UWI Mona telephone contact experience

For the top flight learning institution in the Caribbean, the University of the West Indies Mona campus needs to do a tremendous amount of work to improve its customer service, which I would classify as being extremely poor at best.

I spent the better part of two hrs today trying to make contact with the folks at the University and I must tell you the experience was one of sheer frustration.

Calls to every number I rang, went unanswered most of the time and when someone actually answered the phone, they were not in a position to assist you in finding whomever you were looking for and in most cases could not provide a telephone.

On one occasion a young lady answered the phone and sounded like she was on life support and barely hanging on. Almost every question asked was met with the following response ” that person no longer works in this department”.

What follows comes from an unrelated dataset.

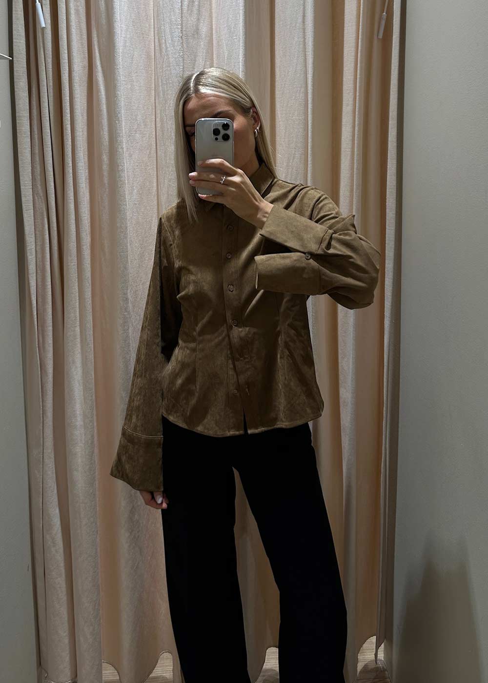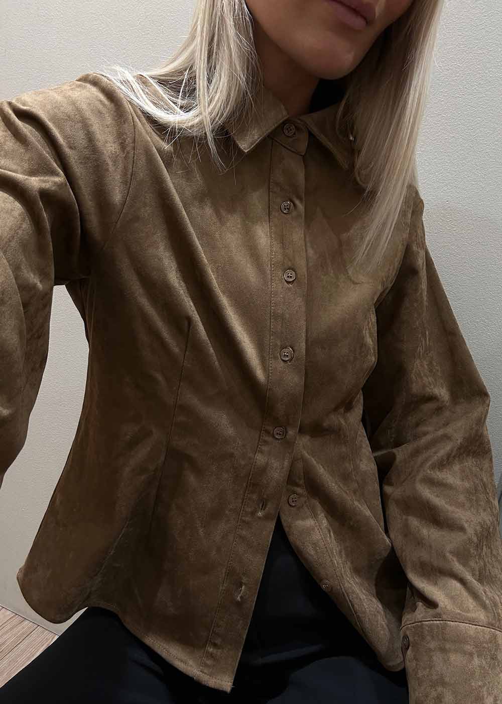 Cămașă roz din piele întoarsă Faux Suede - Maro

I then ask ” who worked in that department that I can speak with apart from you”, she gave me a name then went unto explain that the individual  was not available as they were at lunch.

A visit to the UWI website showing the contact  listing  for certain areas was completely outdated, with  names of people who no longer worked in those departments and numbers which lime indicated were no longer in service.

UWI Mona needs to get its act together and as a institution of higher learning, needs to teach it staff what customer service is all about.

At time of writing and three hours after the first contact I still have not been able to speak to anyone from the department I was hoping to get and I frankly have given up for the day

One Response

  1. Sounds like my experience at a public university in NY. Meanwhile, at private universities in NY & Miami, the service is 100% better and teachers actually give a crap. What is the difference? Accountability and efficiency are usually the first victims in a unionised environment because people will always try to take advantage when they know their union will prevent them losing their job; period. Human nature. Folks always make comparisons to Singapore, but in Singapore their civil servants are often paid more than the private sector, often more qualified than the private sector and are more accountable and efficient than the private sector. When will this example be replicated in the Jamaican political experience? Is either party even capable, much less willing to apply these lessons; thus giving up power over people? I think not. If Jamaicans were strategic thinkers they would realize that the fastest way to get to where Singapore is now, would be to institute civil service examinations and remove life and death powers (getting a government job) from politicians and their hacks/cronies. This would lead to increased efficiency, decreased corruption, increased pay. Since the politicians would no longer control this area, they would have every incentive to improve it! Of course, we being like little kittens and colorful lights, we allow our emotional quotient to decrease our vision and we end up here i.e. not as far as we could be.